Eran los días en que Miguel Ángel estaba decorando las lunetas y bóvedas de la capilla Sixtina
y el joven Rafael de Urbino daba las últimas pinceladas, en la estancia de la Signatura, a la
llamada Disputa del Sacramento, una de las más espléndidas glorificaciones pictóricas de la
eucaristía. Fray Martín no vio las maravillas que detrás de aquellos muros del palacio papal
estaba creando el genio italiano; y si por casualidad las hubiera visto, no las hubiera
comprendido. Desgraciadamente.
De la basílica de San Pablo extramuros solamente una vez hace mención rápida en sus
escritos; indicio seguro de que visitaría aquella grande y lujosa iglesia basilical es otra alusión al
próximo lugar de Tre fontane, donde, según la tradición, fue decapitado el Apóstol de las gentes.
Desde allí, por la via delle Sette Chiese, solían dirigirse los peregrinos a las catacumbas de San
Calixto y de San Sebastián. En esta última le molestó la precipitación con que numerosísimos
sacerdotes celebraban la misa. En San Calixto veneró las infinitas reliquias que allí le mostraron
«dos minoritas», únicos custodios —afirma— de aquel concurridísimo santuario.
Una vez habla de 76.000 mártires —nada menos— y 40 papas sepultados en aquella
catacumba; otra vez dice 80.000 mártires, y aún hace subir esta suma a 176.000 mártires y 45
pontífices. Cifras fabulosas que el devoto peregrino leyó en su guía, Mirabilia urbis Romae, o
escuchó de gente ignara, y que él admitió sin el más mínimo asomo de crítica.
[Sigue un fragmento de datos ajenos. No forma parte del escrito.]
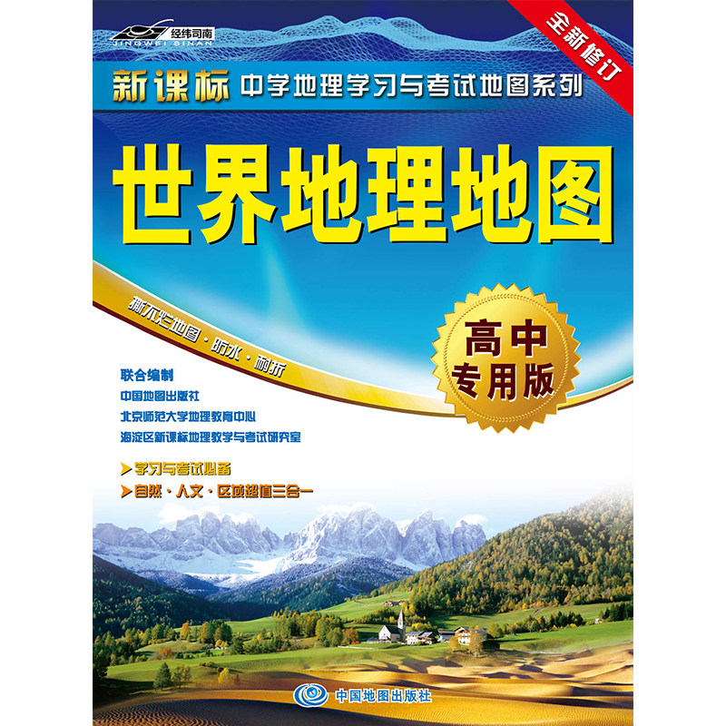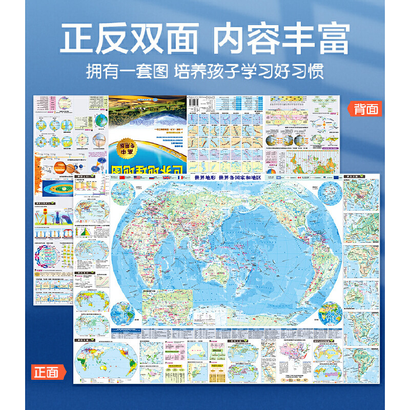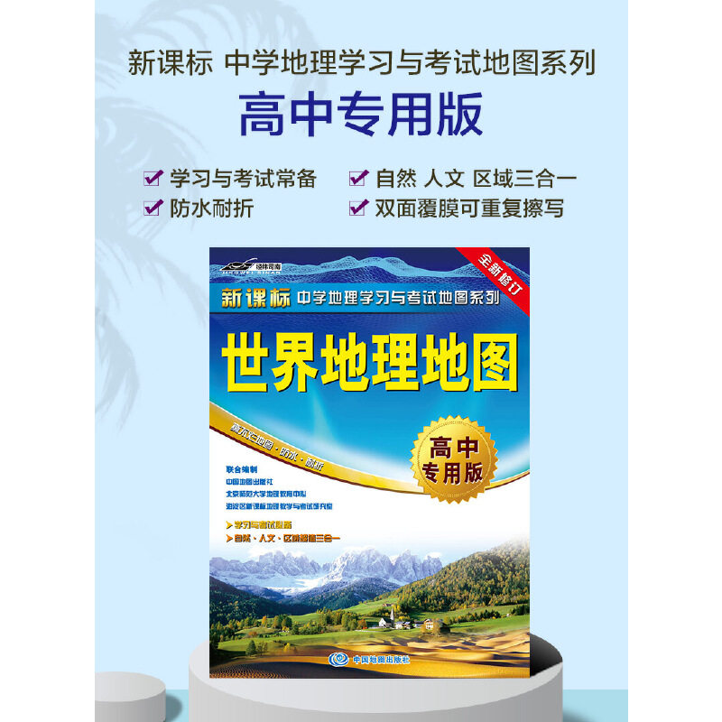 世界地理地图·高中专用版 (地理学习与考试地图 .大幅面世界地形图与世界国家和地区图叠加 高考重点难点区域单元速查速记地图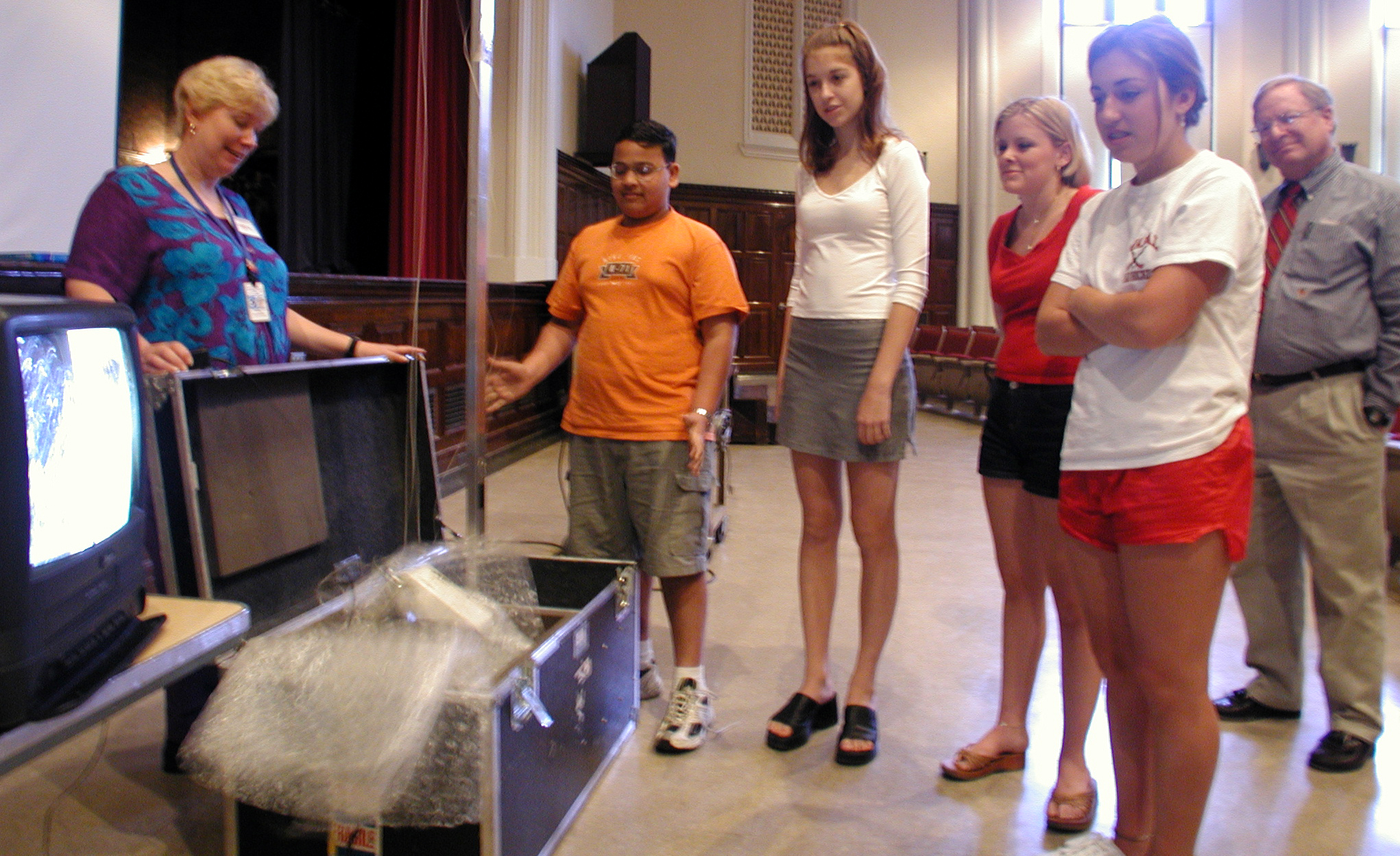 The arnual conference for the Educator Resource Center Network (ERCN) Coordinators was held at Glenn Research Center at Lewis Field in Cleveland, Ohio. The conference included participants from NASA's Educator Resource Centers located throughout the country. The Microgravity Science Division at Glenn sponsored a Microgravity Day for all the conference participants. Dr. Wil Roberson and Marge Lehky prepare a demonstration with the mini-drop tower. This image is from a digital still camera; higher resolution is not available.

No siempre se mostró tan crédulo. Tocando al palacio Lateranense —residencia de los papas
medievales— está la Scala sancta, supuesta escalera del pretorio de Pilato, que Fr. Martín, como
tantos otros fieles, subió de rodillas, rezando un padrenuestro en cada una de las 28 gradas que la
forman, pues se decía que con esta práctica devota se sacaba un alma del purgatorio, y él quería
rogar por el alma de su abuelo; sólo que, al llegar a la última grada, le vino este pensamiento:
¿Quién sabe si esto será verdad?
Quiso celebrar misa algún sábado en la basílica de San Juan de Letrán —la parroquia del
papa, «madre y cabeza de todas las iglesias»—, y, aunque no era cosa fácil por la gran afluencia
de sacerdotes, es de creer que lo conseguiría. No cabe duda que también entraría en Santa María
la Mayor, bajo cuyo áureo artesonado la piedad popular veneraba el supuesto pesebre de Belén.
Lo mismo se puede pensar de Santa Cruz en Jerusalén y de San Lorenzo extramuros.
Con el deseo de orar ante las numerosas reliquias que en San Pancracio se exhibían, visitó
aquella basílica sobre el monte Janículo. Varias veces hace mención de la iglesia o «monasterio
de Santa Inés», junto al mausoleo de Santa Constanza, en la vía Nomentana.